**PROBLEM DESCRIPTION**
Would you please repeat exactly the entries below, starting at the line with "Evening includes drinks, heavy" and ending at the line with "Fleer社発行の、「1996-97 Flair Showcase", and nothing outside that range? Leave out the pictures.

**EXERCISE INPUTS**
::::::
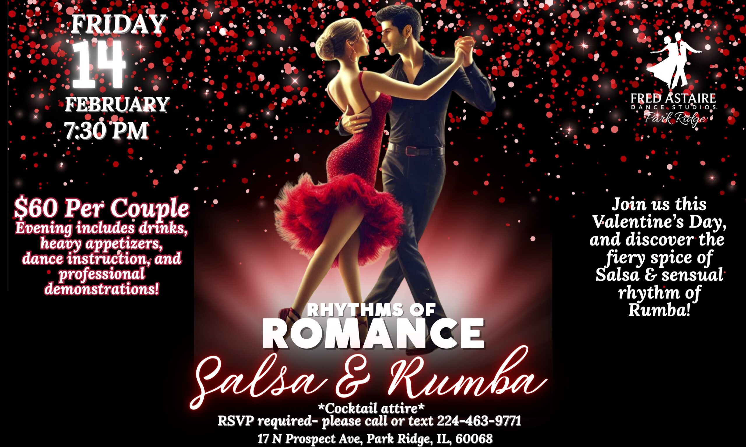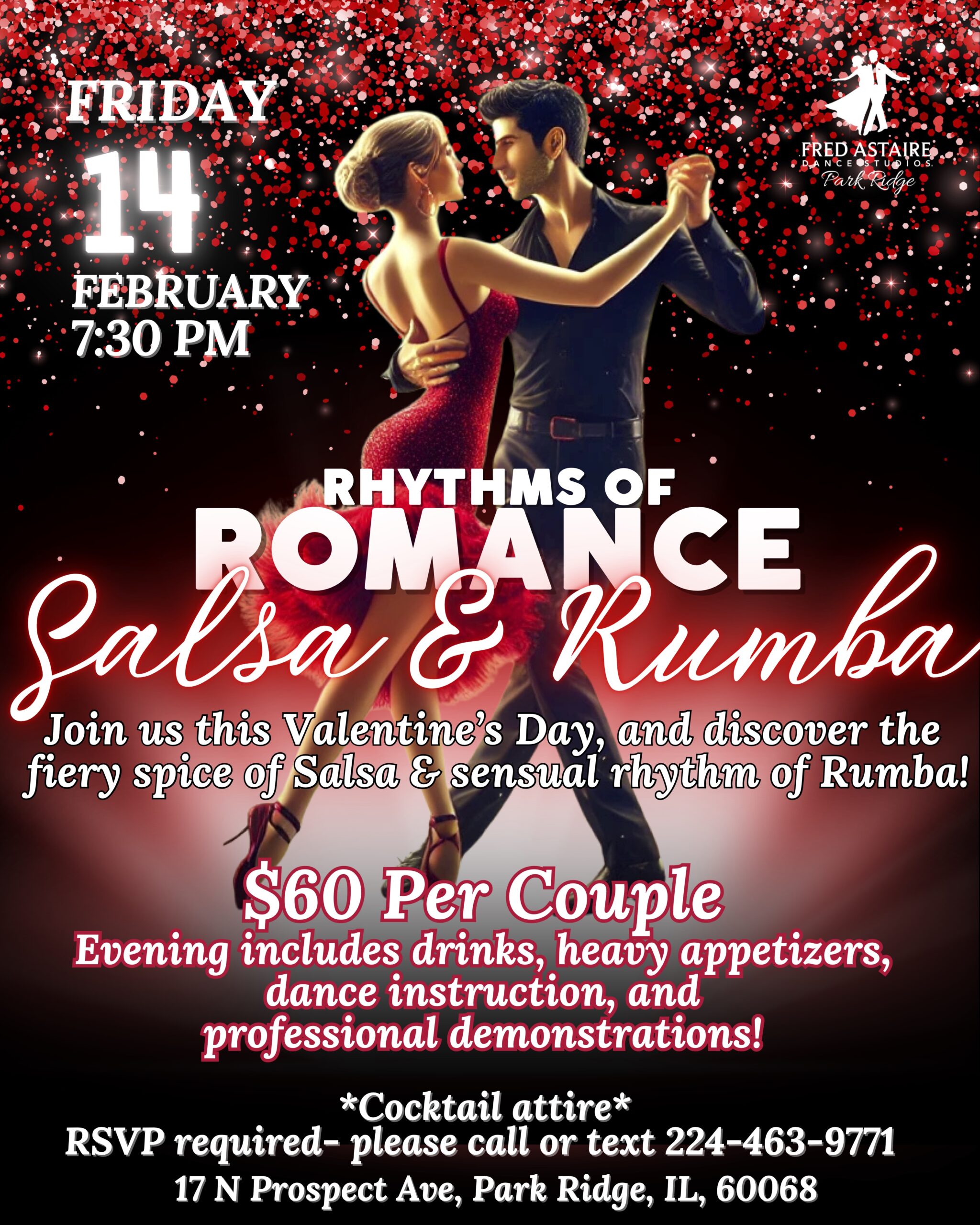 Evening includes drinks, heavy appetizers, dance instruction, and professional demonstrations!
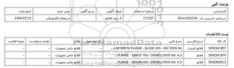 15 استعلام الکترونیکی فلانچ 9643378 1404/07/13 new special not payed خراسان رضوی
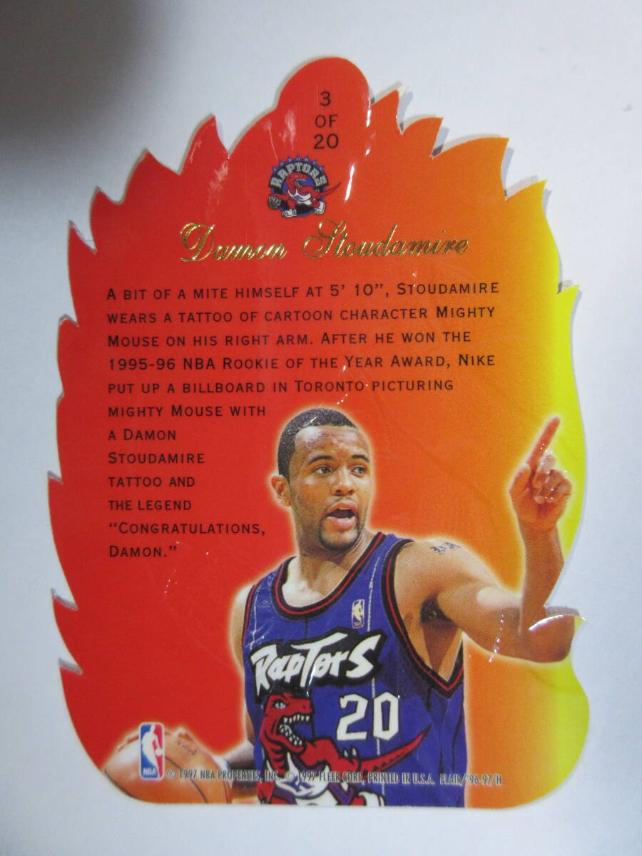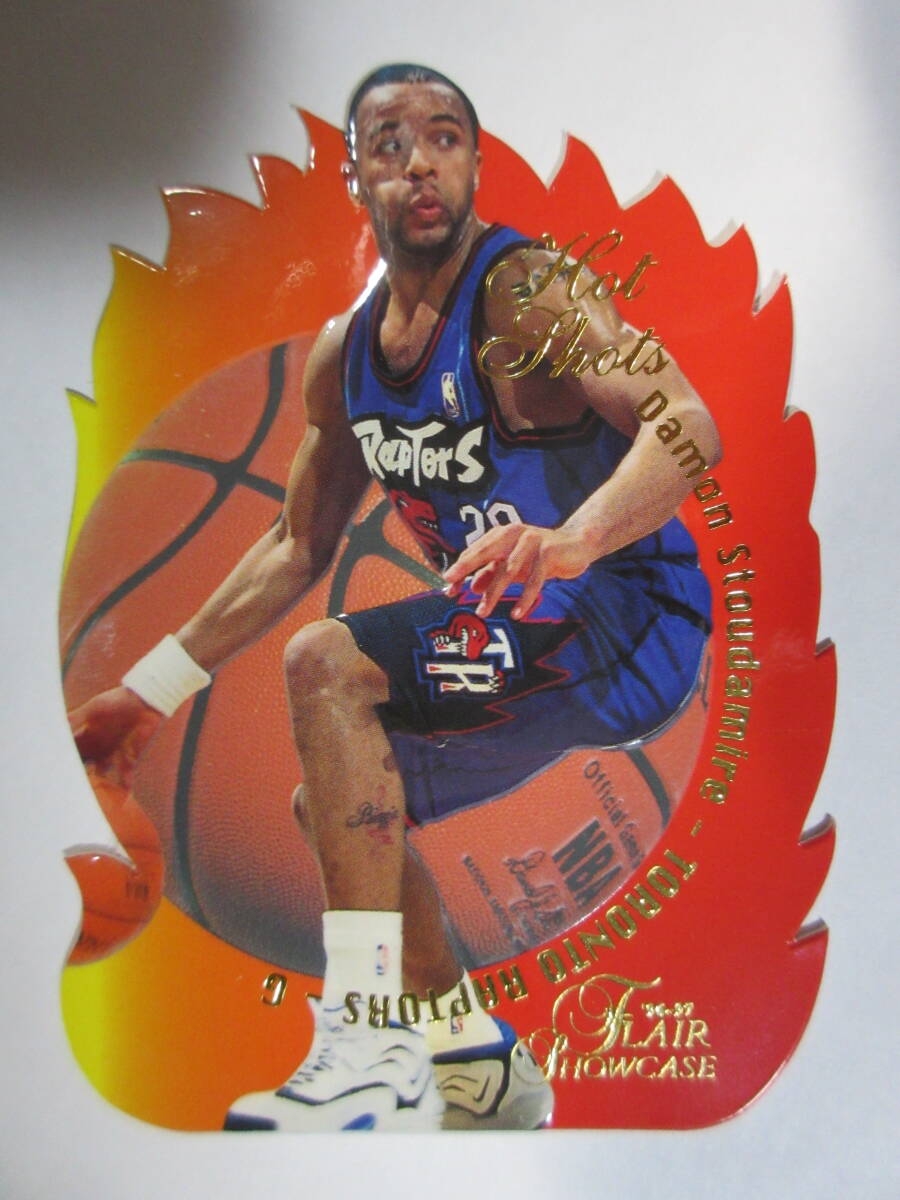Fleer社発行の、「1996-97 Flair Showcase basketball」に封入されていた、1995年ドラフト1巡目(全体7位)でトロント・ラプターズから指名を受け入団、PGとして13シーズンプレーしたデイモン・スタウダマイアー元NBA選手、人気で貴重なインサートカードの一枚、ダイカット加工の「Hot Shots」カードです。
::::::
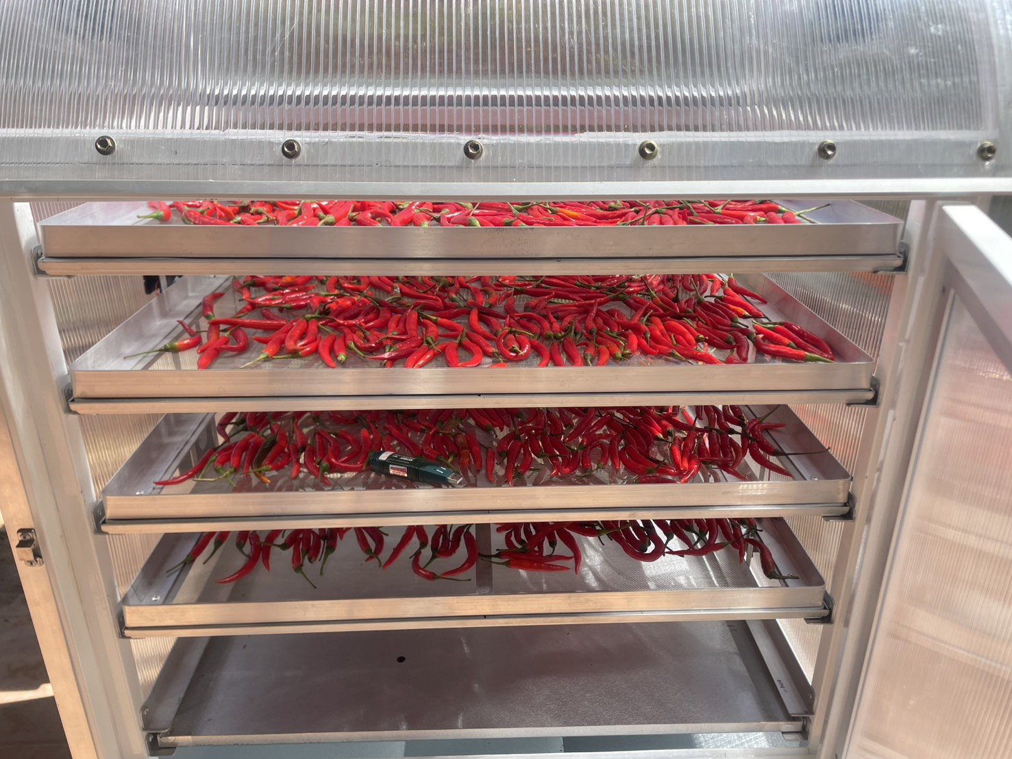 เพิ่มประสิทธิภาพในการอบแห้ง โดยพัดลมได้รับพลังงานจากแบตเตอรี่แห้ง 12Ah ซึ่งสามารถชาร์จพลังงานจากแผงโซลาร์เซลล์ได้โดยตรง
::::::
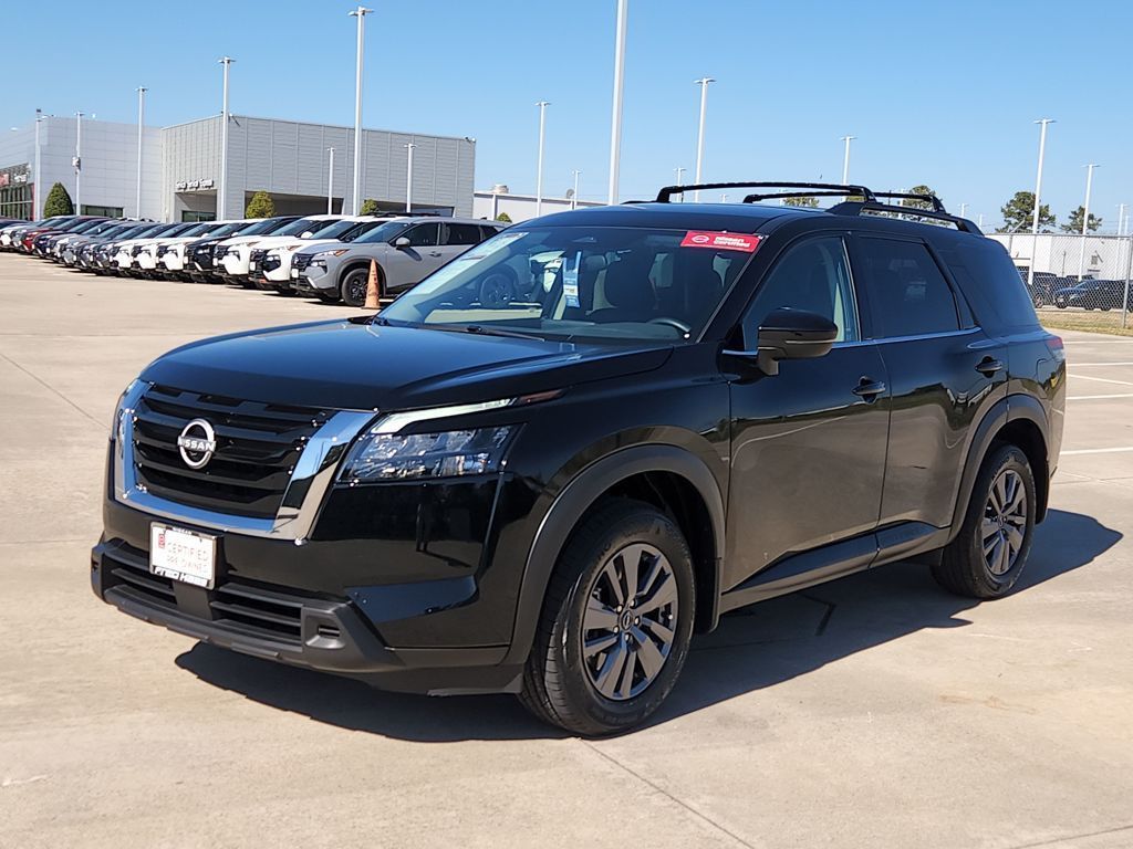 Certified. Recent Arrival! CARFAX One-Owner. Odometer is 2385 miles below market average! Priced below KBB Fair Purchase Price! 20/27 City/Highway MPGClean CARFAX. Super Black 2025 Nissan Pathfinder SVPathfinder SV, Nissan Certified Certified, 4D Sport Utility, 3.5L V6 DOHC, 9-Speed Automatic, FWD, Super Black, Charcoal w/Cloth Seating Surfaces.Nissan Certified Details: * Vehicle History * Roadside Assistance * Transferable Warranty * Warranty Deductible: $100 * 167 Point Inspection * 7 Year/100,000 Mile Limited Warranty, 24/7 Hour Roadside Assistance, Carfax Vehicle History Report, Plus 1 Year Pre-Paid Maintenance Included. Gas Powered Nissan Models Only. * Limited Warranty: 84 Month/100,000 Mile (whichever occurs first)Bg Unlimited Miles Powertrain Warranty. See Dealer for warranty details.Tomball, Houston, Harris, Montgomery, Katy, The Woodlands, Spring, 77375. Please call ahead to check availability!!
::::::
**RESULT OF THE EXERCISE**
 Evening includes drinks, heavy appetizers, dance instruction, and professional demonstrations!
 15 استعلام الکترونیکی فلانچ 9643378 1404/07/13 new special not payed خراسان رضوی
Fleer社発行の、「1996-97 Flair Showcase basketball」に封入されていた、1995年ドラフト1巡目(全体7位)でトロント・ラプターズから指名を受け入団、PGとして13シーズンプレーしたデイモン・スタウダマイアー元NBA選手、人気で貴重なインサートカードの一枚、ダイカット加工の「Hot Shots」カードです。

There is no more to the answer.